Deus fala conosco com uma frequência muito maior do que imaginamos, apenas precisamos treinar nossos ouvidos para ouvir e nossos olhos para ver essa comunicação divina. 

Compartilho agora com vocês as experiências com coincidências sagradas de dois amigos meus, Alex, de Araraquara, e Brandão, de Jundiaí.
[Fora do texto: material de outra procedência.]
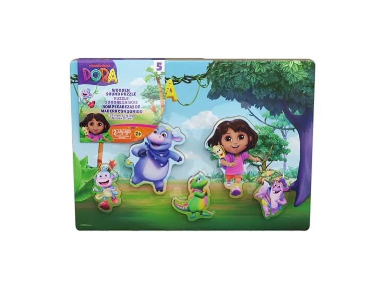 - (1) Spin Master Games, Dora The Explorer Sound Puzzle, 5-Piece Wood Puzzle for Toddlers & Kids, with Sounds, Wooden Toddler Learning Toy, for Ages 3 & Up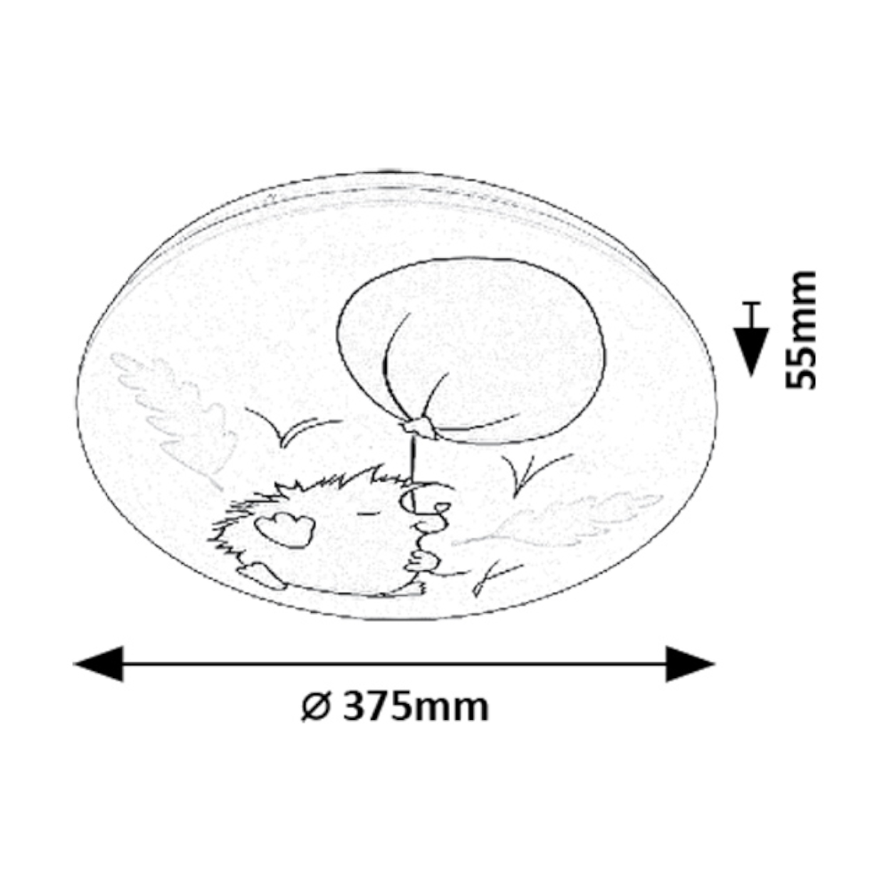 A Rábalux Hedgy gyerek mennyezeti lámpa játékos motívumával és LED világításával otthonosabbá teszi a gyerekszobát. A kerek, 37,5 cm átmérőjű lámpatest fém szerkezetből készült, fehér műanyag búráját sünis-lufis minta díszíti. A mintázat barnás és narancsos árnyalatokkal gazdagítja a helyiség hangulatát, így fiús és lányos szobában egyaránt jól mutat.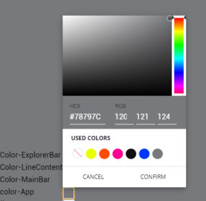 On ajoute juste une condition, dans le cas ou l'utilisateur choisit le thème 'Custom', on affiche un sélecteur de couleur pour chaque item modifiable de notre application. Pensez d'ailleurs à installer ce module que j'apprécie fortement, un color picker simple qui permet de choisir une couleur en héxadecimal, en RGB ou via un arc-en-ciel de couleur, et qui propose une multitude de fonctionnalités via son api, installable via :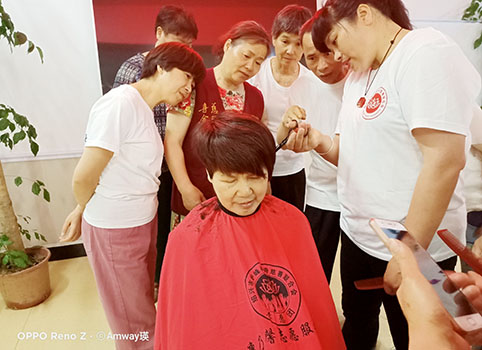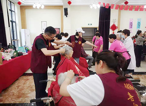 志愿者发挥一技之长,为10多位老人提供免费理发服务,并给他们送上玫瑰花,献上越剧、舞蹈、舞台秀等精彩的节目,博得了老人们的阵阵掌声。
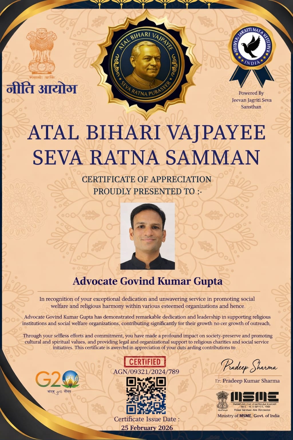 एडवोकेट गोविंद गुप्ता को मिला राष्ट्रीय ‘अटल बिहारी वाजपेई सेवा रत्न सम्मान’ – समाज सेवा में नई मिसाल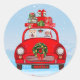 Pegatina Redonda Perro Inu Shiba En Coche Con Santa Claus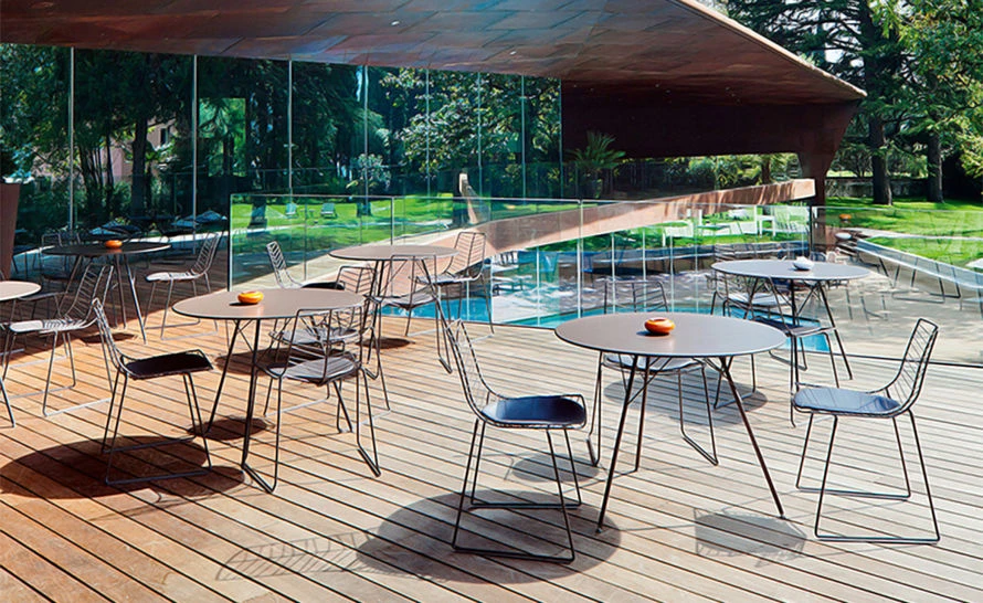 Subtle allusions that capture the pleasing irregularity of nature create comfortable and iconic surfaces and silhouettes. The observation of nature is revealed in the shape – and in the particularity of the structures of chairs and tables, displaying an irregular design reminding of the branches of a tree or veins of a leaf.

O Alex se batizou ainda adolescente em São Paulo em 1999, permaneceu na Igreja até 2003 e depois ficou afastado até janeiro de 2017. Neste período ele se casou, estudou Engenharia e vivia sem religião alguma em sua vida, até que em novembro de 2016 tudo começou a mudar. Ele começou a conversar com sua esposa, Nilza, sobre aquela igreja da qual um dia ele havia feito parte, e sua mulher começou a ficar cada vez mais interessada em saber mais sobre o evangelho, o que o levou a compartilhar com ela muitas coisas através da internet, mostrando-lhe fotos dos templos e diversos vídeos do canal mórmon do Youtube. Nos anos que o Alex frequentou a Igreja ele havia aprendido a tocar piano, com isso, ele começou a tocar alguns hinos em casa para sua esposa, o que lhes tocava profundamente. Os dois então começaram a ter sentimentos que eram difíceis de descrever, nas palavras do Alex, era uma emoção “semelhante à uma saudade”, um sentimento muito bom, principalmente com os hinos. Passaram-se os meses de novembro e dezembro, e seus sentimentos em relação à Igreja ficavam cada vez mais fortes. Com isso, sua esposa desejou muito receber os missionários em sua casa, mas como eles estavam morando em uma nova cidade no interior de SP, Araraquara, o Alex não conhecia e não tinha o contato de ninguém da Igreja, ele não sabia onde encontrar os missionários. Então aconteceu que, em janeiro deste ano, houve um dia no qual a dupla de missionários responsável pela área do Alex pegou um ônibus para um determinado ponto da cidade do qual eles já estavam acostumados a tomar. Neste dia, simplesmente os dois missionários não viram o ponto onde deveriam ter descido, e quando se deram conta, eles já estavam longe do ponto certo, então pediram para o ônibus parar. Neste momento Alex estava de moto voltando da padaria quando avistou os Élderes atravessando a rua e chamou-lhes para conversar. A conclusão da história é que sua esposa ficou encantada com a mensagem dos missionários e foi batizada no mês seguinte, em fevereiro deste ano. Depois de 14 anos afastado do evangelho, o Alex retornou à atividade na Igreja e ambos estão radiantes com essa nova vida, graças ao “erro” dos Élderes. Coincidência?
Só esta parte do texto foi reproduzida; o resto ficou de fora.